Im Orotta Maternity Hospital stellt das einzige Tertiärzentrum des Landes dar und hier gibt es deutlich mehr medizinisches Fachpersonal. Auch hier sind primär die Interns und die Midwives für das Kreiszimmer, die Wochenbett- und die Schwangerenstation zuständig, wobei hier immer auch noch zusätzlich ein Medical Officer (MO) anwesend ist, welcher zwar kein gynäkologischer Facharzt ist, aber schon länger im Bereich der Gynäkologie und Geburtshilfe arbeitet. Hier ist der Umsatz an Patientinnen deutlich höher, da es hier jährlich zu ca. 8.000 Geburten kommt und die Kaiserschnittrate weit unter 10 % liegt.
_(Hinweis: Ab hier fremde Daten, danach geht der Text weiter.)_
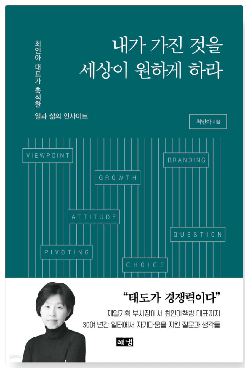 30여 년간 크리에이티브의 최전선인 광고업계에서 자기만의 색깔로 인정받고 성과를 냈던 최인아 전 제일기획 부사장. 첫 일터에서 스스로 물러나 8년째 자신의 이름을 딴 ‘최인아책방’을 운영하는 지금까지 관심의 촉수는 늘 이 질문에 닿아 있었다. 오랜 시간 현역으로 일하며 자신을 파워 브랜드로 성장시켜올 수 있었던 그만의 관점과 태도를 신간『내가 가진 것을 세상이 원하게 하라』에 담고자 한다.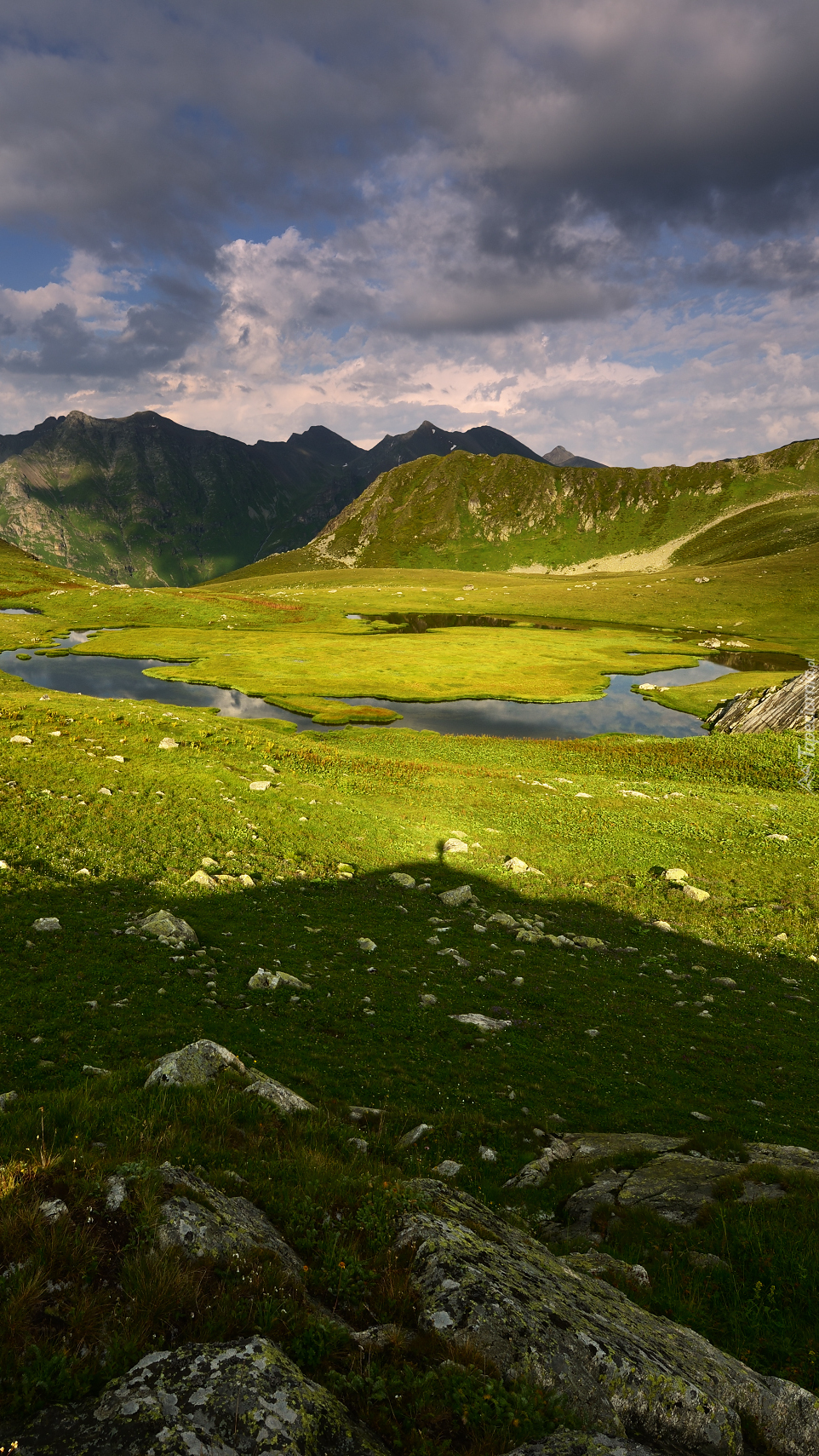 Edytor tapety: Zielone wzgórza nad jeziorem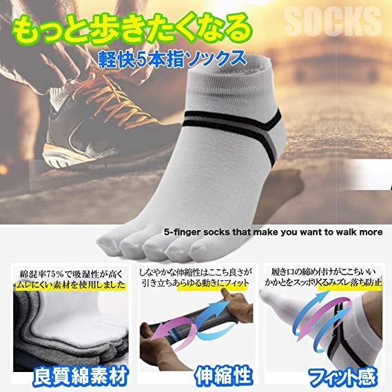 ・もっと歩きたくなる軽快 5本指ソックス 【良質綿素材】綿混率75%で吸湿性が高くムレにくい素材を使用しました。 【伸縮性】しなやかな伸縮性がここち良さが引き立ちあらゆる動きにフィット 【フィット感】履き口が締め付けがここちいい。かかとをスッポリくるみズレ落ち防止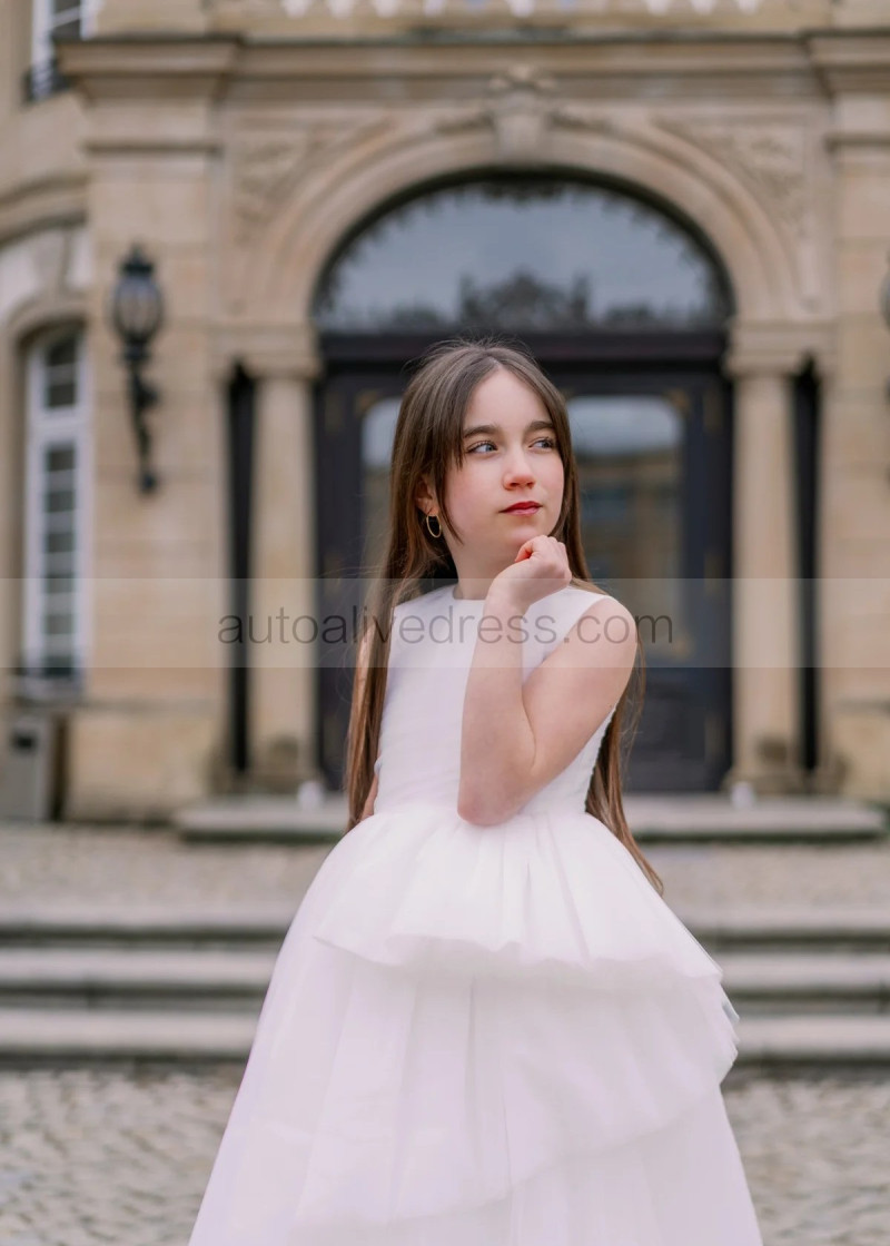 White Pleated Tulle Asymmetrical Fashion Flower Girl Dress

Sobald der Muttermund der Gebärenden vollständig eröffnet ist, kommen sie in beiden Krankenhäusern in den Entbindungsraum und werden dort weiter betreut. CTG-Geräte gibt es nur ein einziges im Orotta Maternity Hospital, welches kaum verwendet wird, da zumeist Pinard’sche Hörrohre zur Überwachung des Feten sub partu in nicht ganz regelmäßigen Intervallen zum Einsatz kommen.
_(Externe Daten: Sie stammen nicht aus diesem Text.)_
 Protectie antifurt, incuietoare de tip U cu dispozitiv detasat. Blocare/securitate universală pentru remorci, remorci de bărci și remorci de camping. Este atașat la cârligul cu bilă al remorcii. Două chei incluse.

Handvakuums (KIWIs) sind in beiden Krankenhäusern vorhanden, werden jedoch sehr selten eingesetzt, da das Personal wenig Erfahrung damit hat.
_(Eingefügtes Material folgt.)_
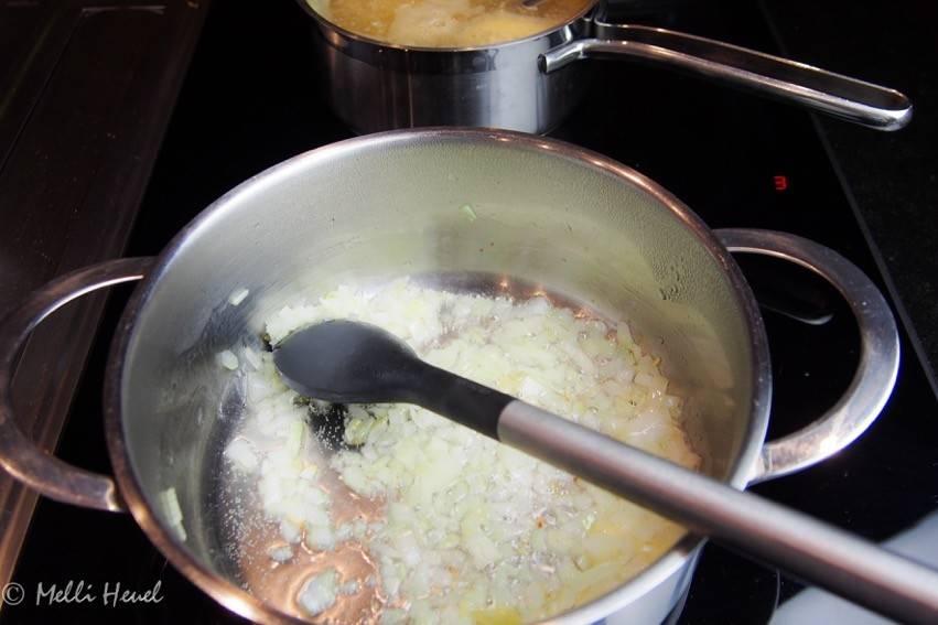 - Schalotte feinwürfeln und in 25 g Butter langsam glasig andünsten.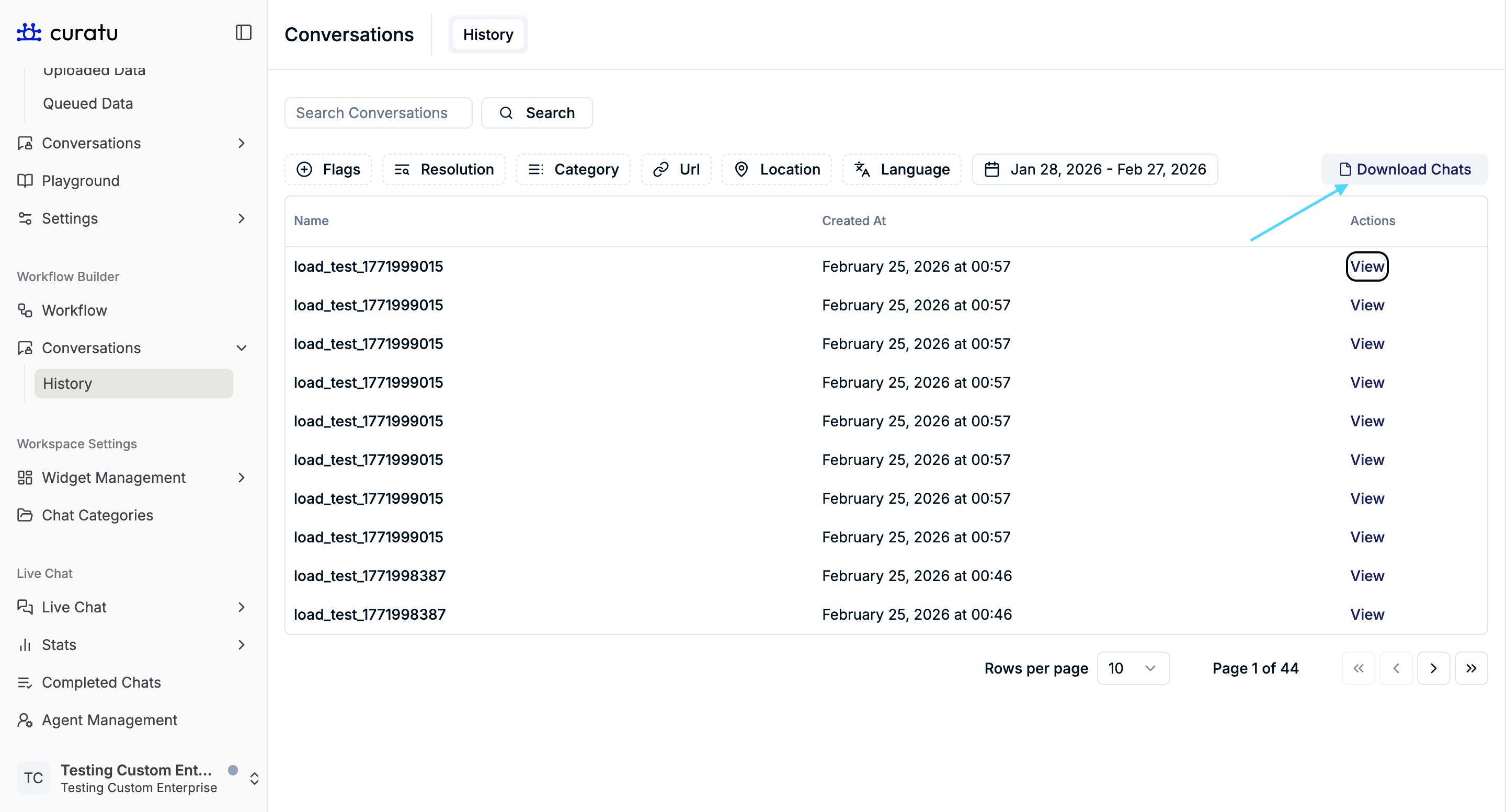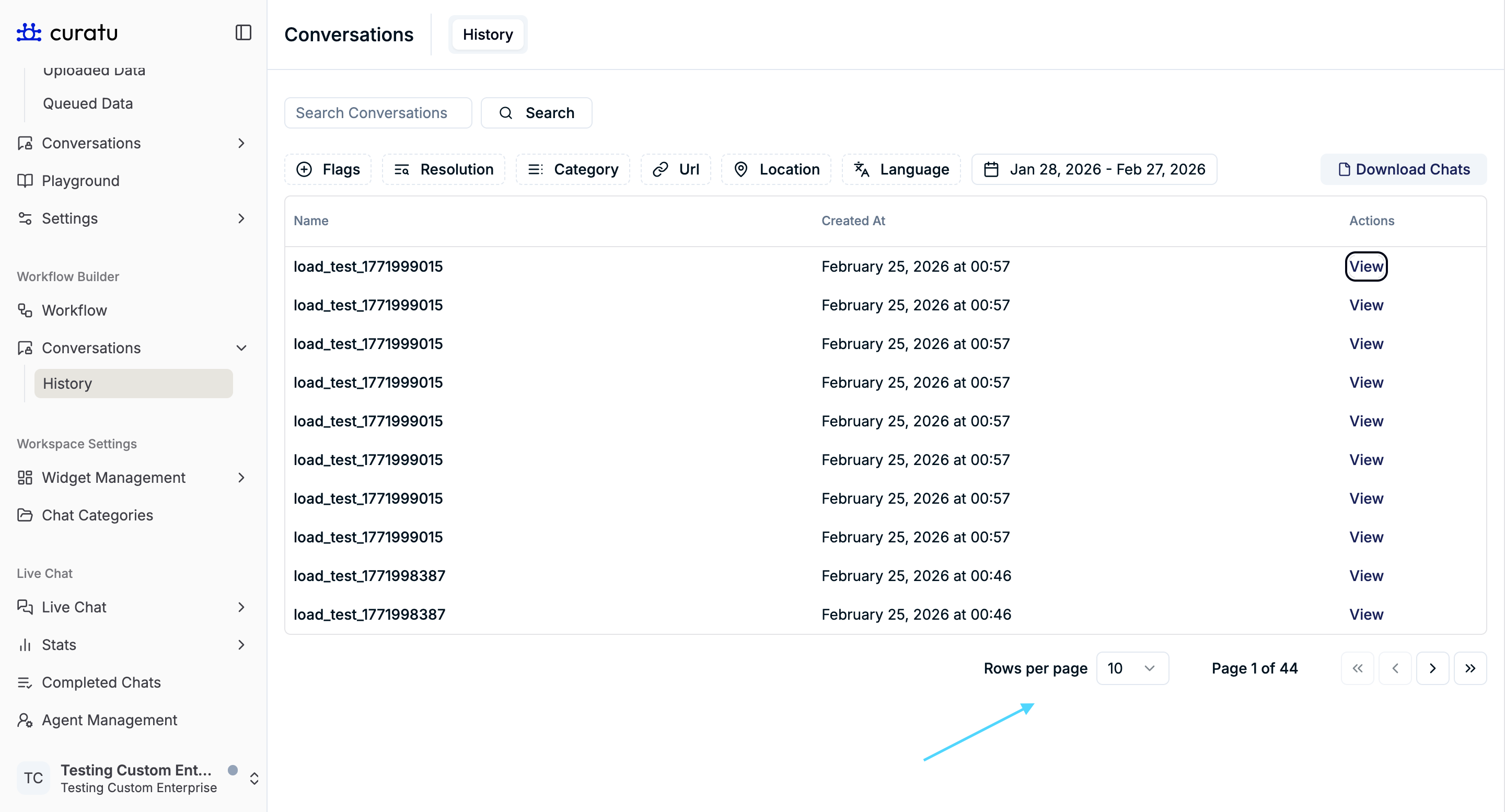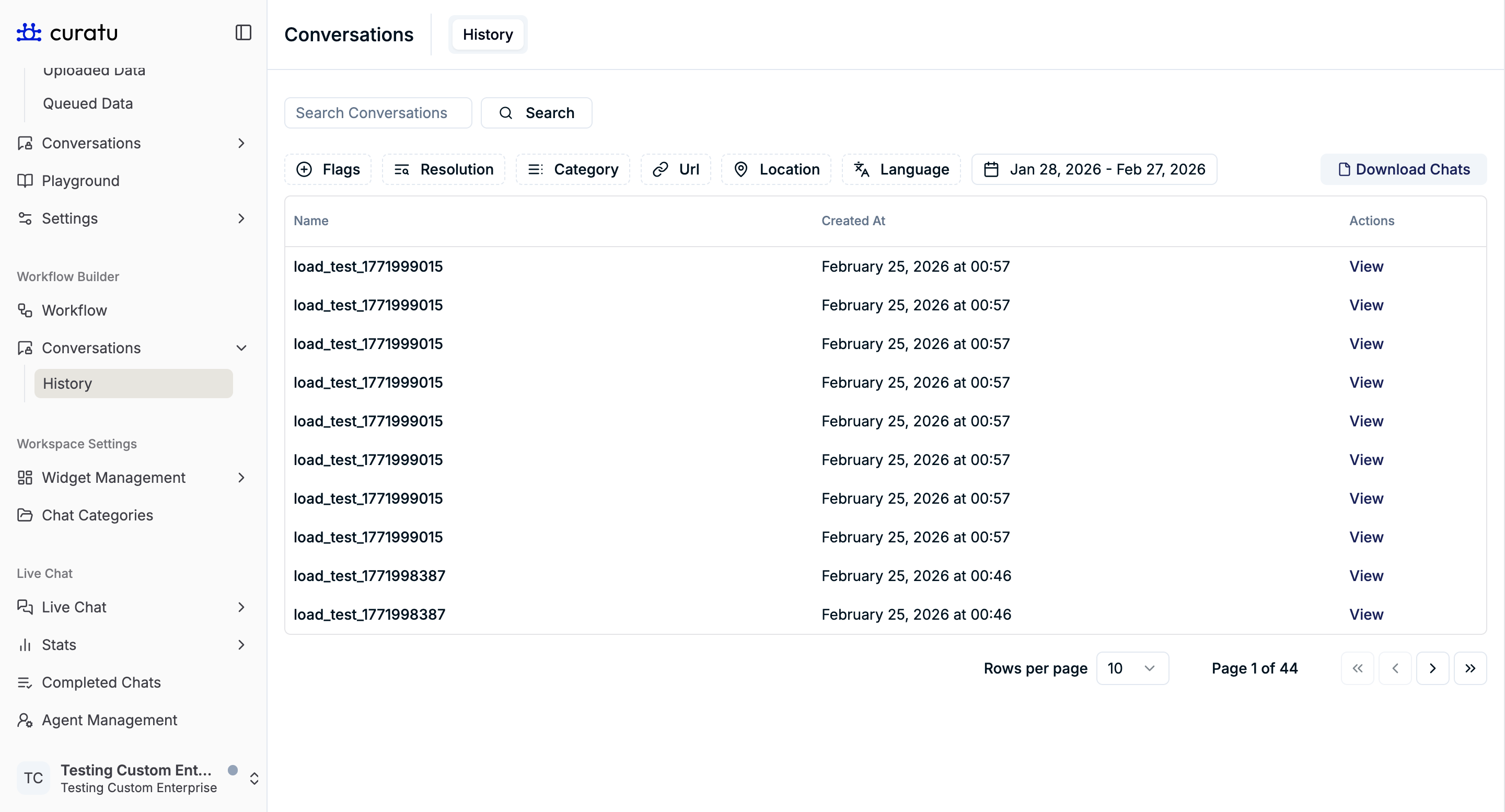 This section helps teams analyze user interactions, audit chatbot behavior, and understand historical usage patterns.

Durch den Einsatz der Mitglieder der NGO For-Eritrea e.V. (Medical Support in Partnership) hat sich aufgrund der unzähligen Einsätze vor Ort bereits viel verbessert und es wurden Neuigkeiten implementiert – nicht zuletzt wurden zwei Laparoskopie-Einheiten von Storz gekauft und die Mitarbeiter darauf eingeschult, damit es die Möglichkeit einer Laparoskopie vor Ort gibt. Trotzdem sieht man sich in einem Entwicklungsland wie Eritrea mit Problemen konfrontiert, die einem als Mitteleuropäer am Anfang völlig fremd sind, wie zum Beispiel der fehlende Zugang zu fließendem Wasser im größten Kreißsaal des Landes oder dem Fehlen von den für uns als selbstverständlich erachteten Dingen wie Analgetika unter der Geburt oder einem zeitnahen Krankentransport für Notfälle.
Der Aufenthalt in Asmara war eine der lehrreichsten, schönsten und zugleich intensivsten Erfahrungen meines Lebens. Wenn die Grenzen in Eritrea, welche derzeit aufgrund der COVID-19 -Situation auch für NGO-Mitarbeiter und Mitarbeiterinnen geschlossen sind, wieder geöffnet werden, werden wir bald wieder zu einem Einsatz aufbrechen und versuchen, in diesem wunderschönen Land mit seinen gastfreundlichen und allzeit hilfsbereiten Leuten die Geburtshilfe ein wenig sicherer zu machen.